Profitability and
net income/(loss)
Net operating income/(loss) and margin
All net income figures are down on the previous year. In addition to the decline in revenue of CHF –34.4 million, one-off effects also had a negative impact on the result. A provision of CHF 5.3 million for the social plan was recognised at 20 Minuten, and one of CHF 4.8 million at Goldbach Neo for an onerous contract.
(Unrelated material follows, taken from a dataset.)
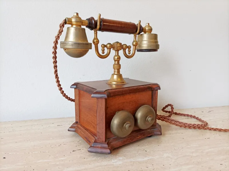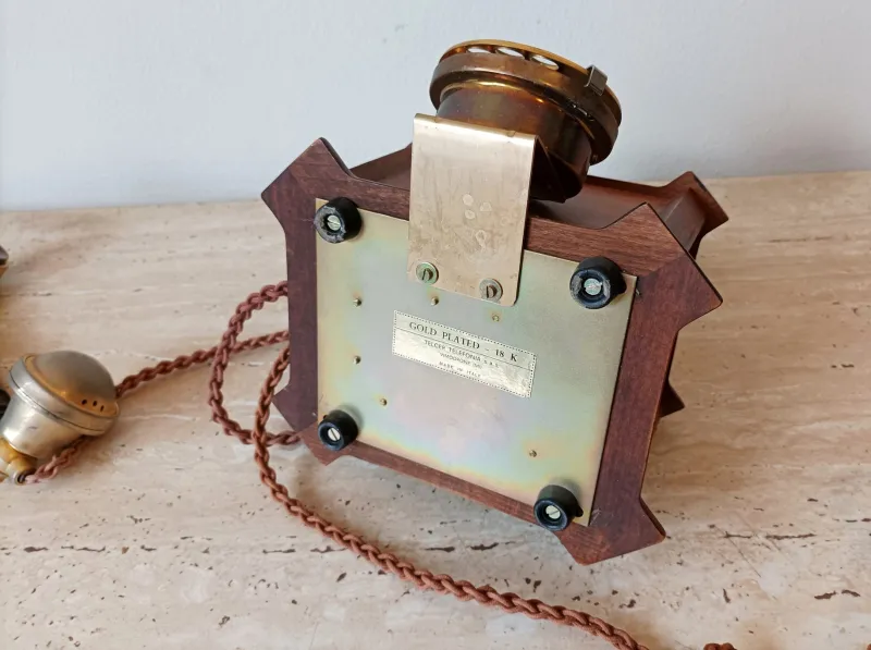 Starožitný elegantní stolní telefon značky Telcer Telefonia Vimodrone oživí každou místnost svým retro kouzlem. Tento majestátní kousek s otočným pozlaceným číselníkem je v perfektním mechanickém stavu — číselník se hladce otáčí a pohotově vrací zpět, zatímco vidlice, která podpírá sluchátko, bez problémů reaguje na manipulaci. Originální pletené šňůry zůstaly zachované v původním, nepoškozeném stavu, což umocňuje jeho autentičnost. Zadní strana telefonu skrývá dvojici zvonků, které sloužily k vyzvánění, což ještě více umocňuje jeho historický šarm. Telefon je celkově ve velmi dobrém vizuálním stavu, drobné známky stáří mu ovšem dodávají charakter a pravou vintage atmosféru. Tato výjimečná sběratelská lahůdka představuje nejen praktický kousek historie, ale také stylový doplněk do interiéru. Skvěle zapadne do bytu, kanceláře nebo na jakékoli místo, kde hledáte ten správný retro nádech.
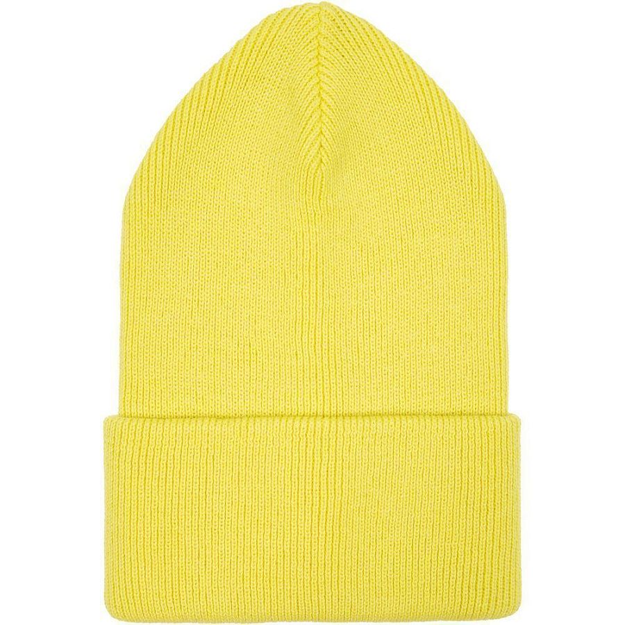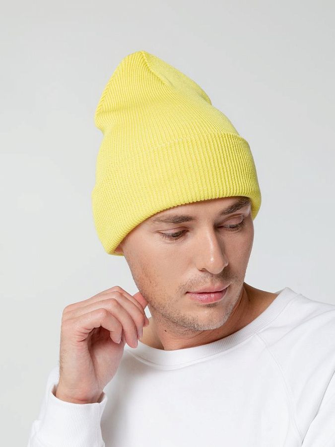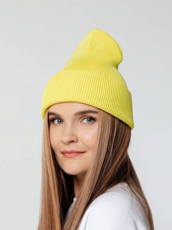 Двухслойная шапка, связанная резинкой, с широким отворотом.

Despite these one-off effects, operating costs were cut by a total of CHF 20.8 million, of which CHF 10.7 million related to personnel costs. Hence more than half of the decline in revenue was offset by lower costs.
Financial result
The financial result was down from CHF 10.1 million to CHF 1.0 million. The positive financial result of the previous year was mainly due to an unexpected additional payment of CHF 4.2 million from the sale of Trendsales in October 2020 and the profit of CHF 4.0 million on the disposal of the dreifive Group.
Taxes
The effective tax rate rose from 27.0% to 47.9%. In 2025, the increase in the tax burden (as compared to the difference from the expected weighted tax rate of 26.4%) was mainly due to unrecognised deferred tax assets on tax loss carryforwards, the impact of the Swiss participation exemption and other non-taxable items as well as the tax effects on investments.